◆ Work required ◆
Take the lines below between the one holding "Двойной дозатор для" and the one holding "WASSUP UOSNE functional", inclusive, and copy them exactly. Add nothing.

◆ Given information ◆
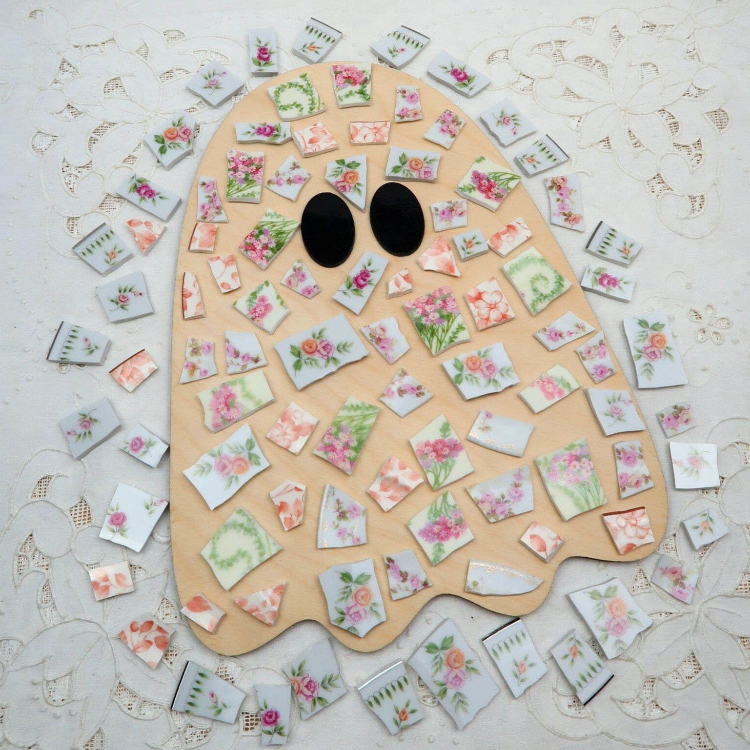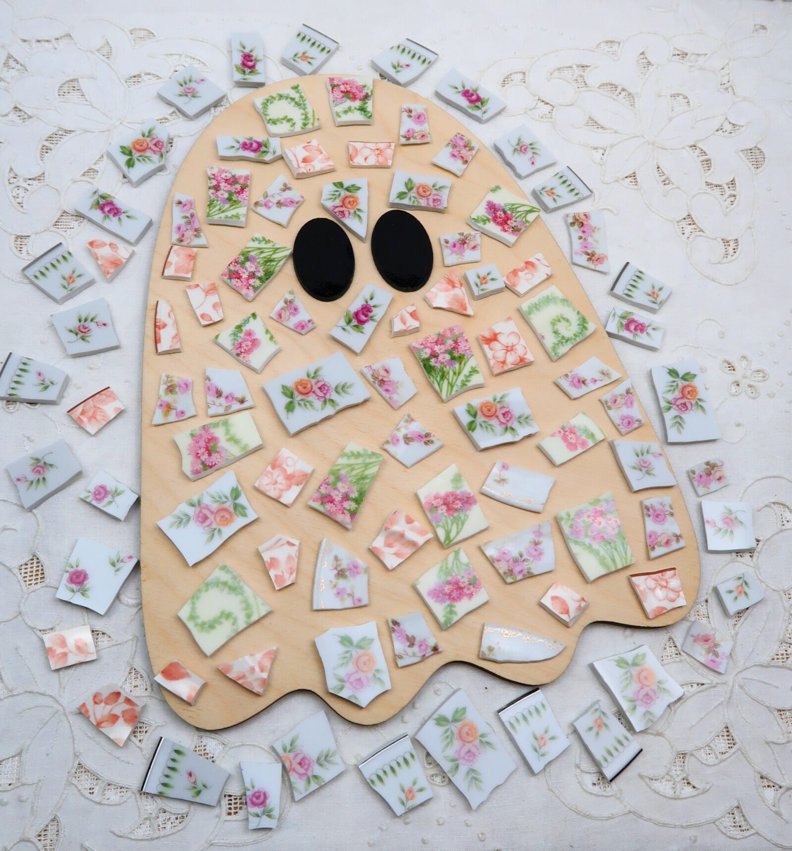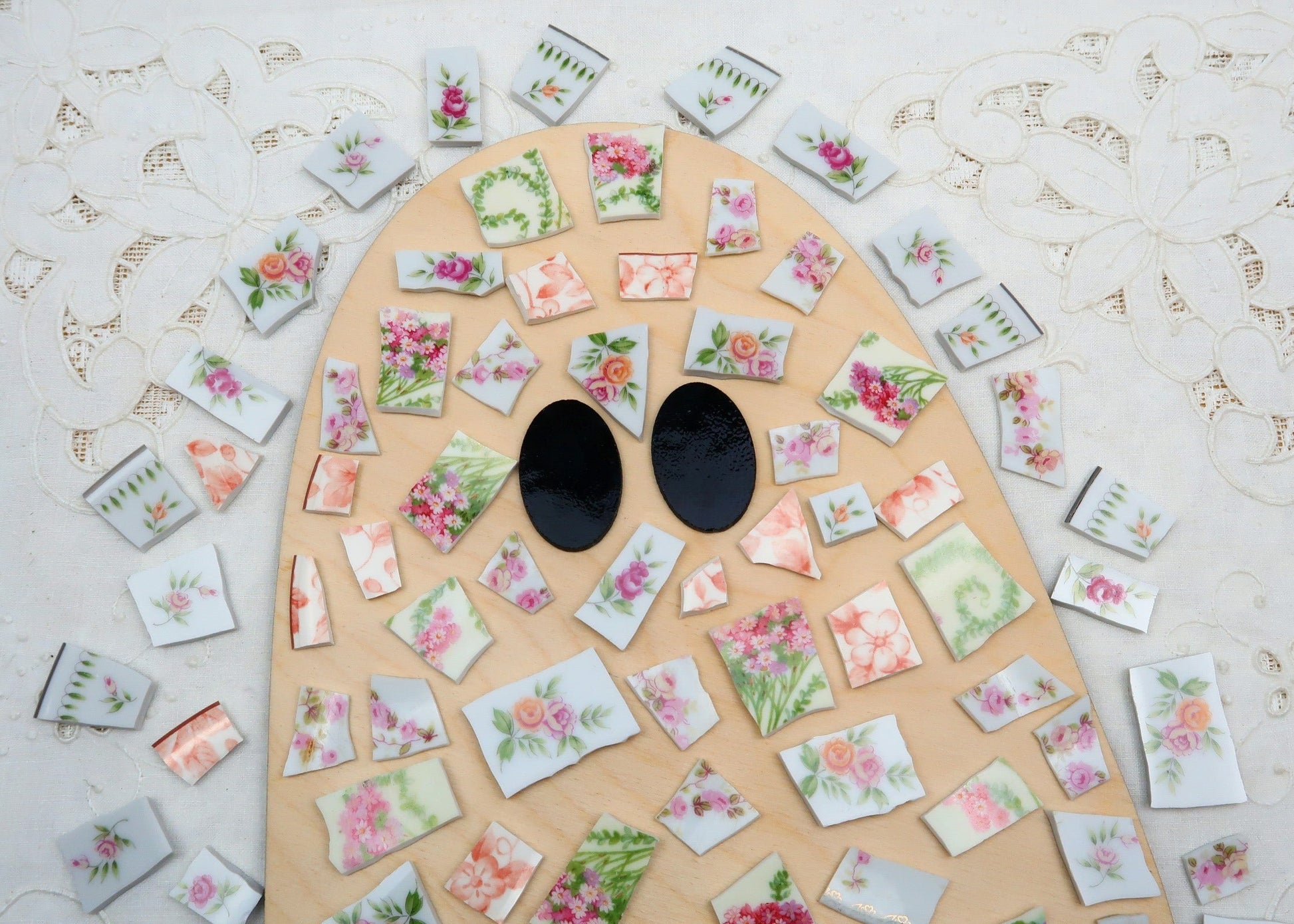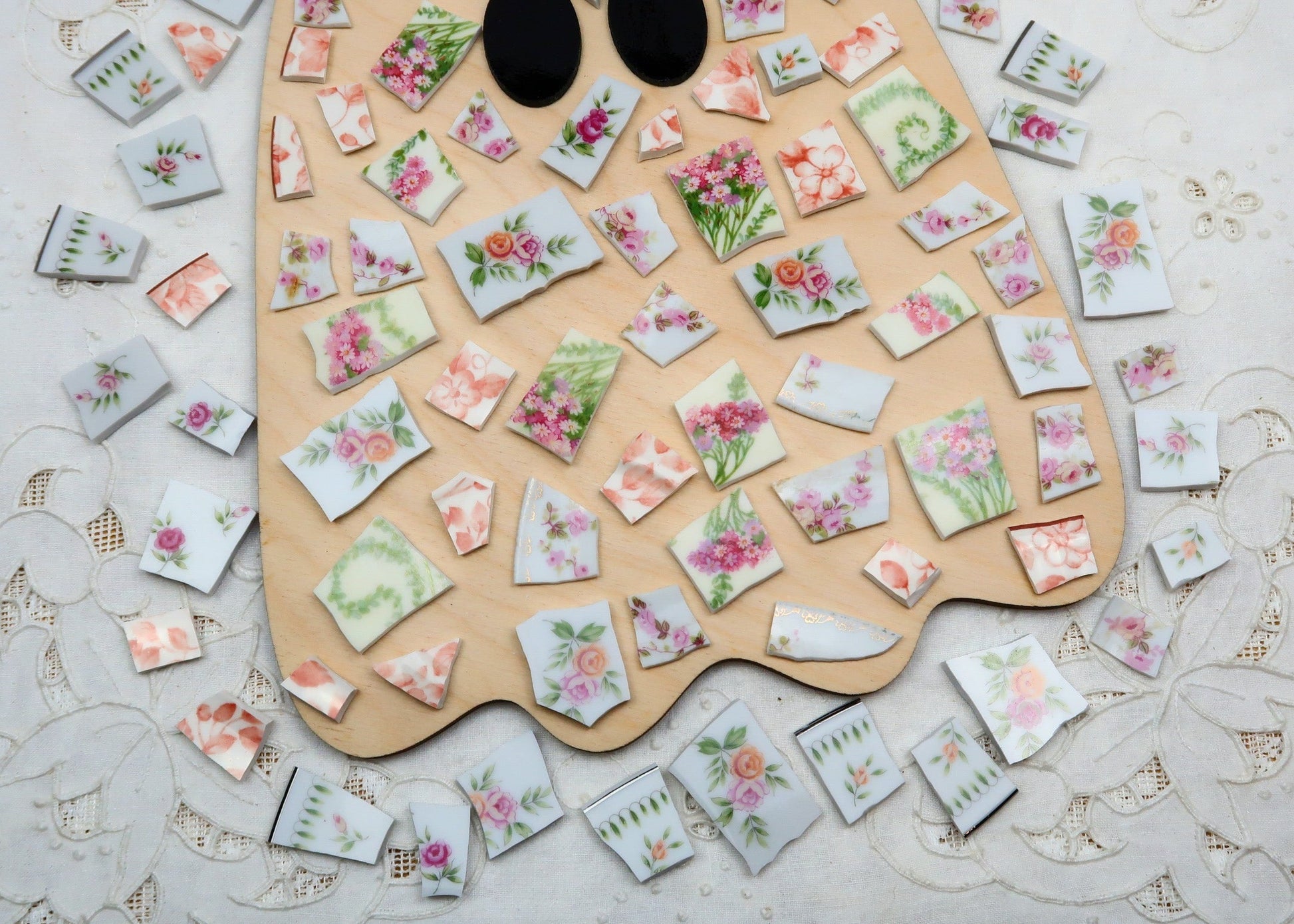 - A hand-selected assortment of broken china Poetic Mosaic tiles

...

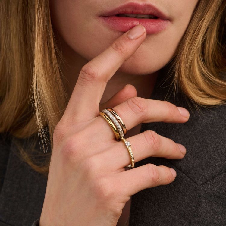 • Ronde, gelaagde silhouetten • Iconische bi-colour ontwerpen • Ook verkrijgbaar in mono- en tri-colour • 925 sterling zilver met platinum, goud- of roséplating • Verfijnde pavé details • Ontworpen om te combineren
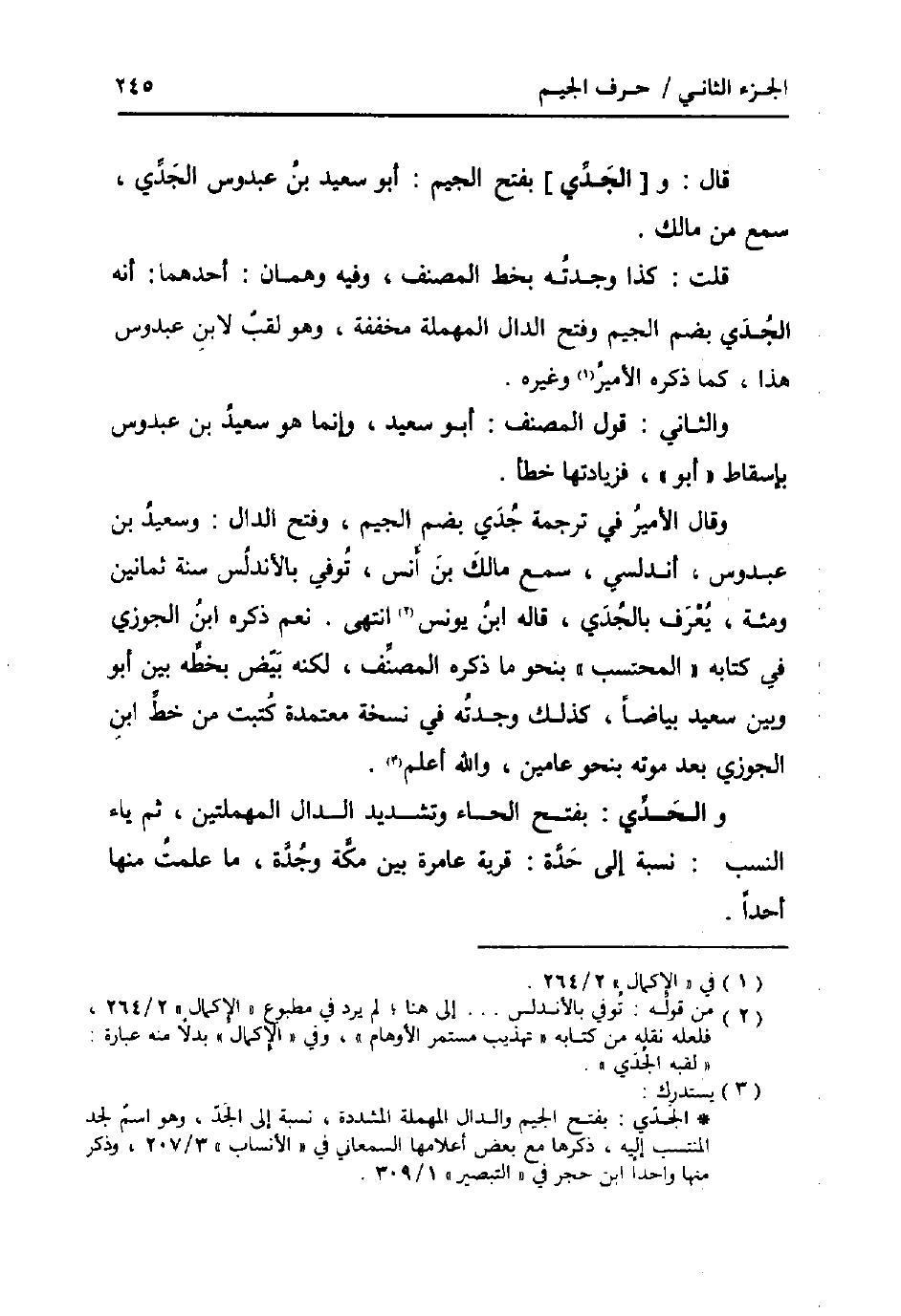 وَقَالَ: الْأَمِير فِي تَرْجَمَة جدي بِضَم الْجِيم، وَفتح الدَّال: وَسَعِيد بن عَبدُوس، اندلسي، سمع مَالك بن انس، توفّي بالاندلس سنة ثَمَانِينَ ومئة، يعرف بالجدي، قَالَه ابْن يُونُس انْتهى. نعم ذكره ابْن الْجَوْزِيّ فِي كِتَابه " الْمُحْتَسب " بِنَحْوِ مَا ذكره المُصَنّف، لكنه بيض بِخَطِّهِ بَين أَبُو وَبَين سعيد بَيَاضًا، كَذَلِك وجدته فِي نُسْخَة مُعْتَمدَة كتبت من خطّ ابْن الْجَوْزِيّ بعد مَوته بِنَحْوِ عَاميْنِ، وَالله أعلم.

* * *

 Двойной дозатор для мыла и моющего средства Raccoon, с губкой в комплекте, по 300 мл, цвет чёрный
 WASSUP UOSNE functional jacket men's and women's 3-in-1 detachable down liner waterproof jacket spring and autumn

◆ Response for this exercise ◆
 Двойной дозатор для мыла и моющего средства Raccoon, с губкой в комплекте, по 300 мл, цвет чёрный
 WASSUP UOSNE functional jacket men's and women's 3-in-1 detachable down liner waterproof jacket spring and autumn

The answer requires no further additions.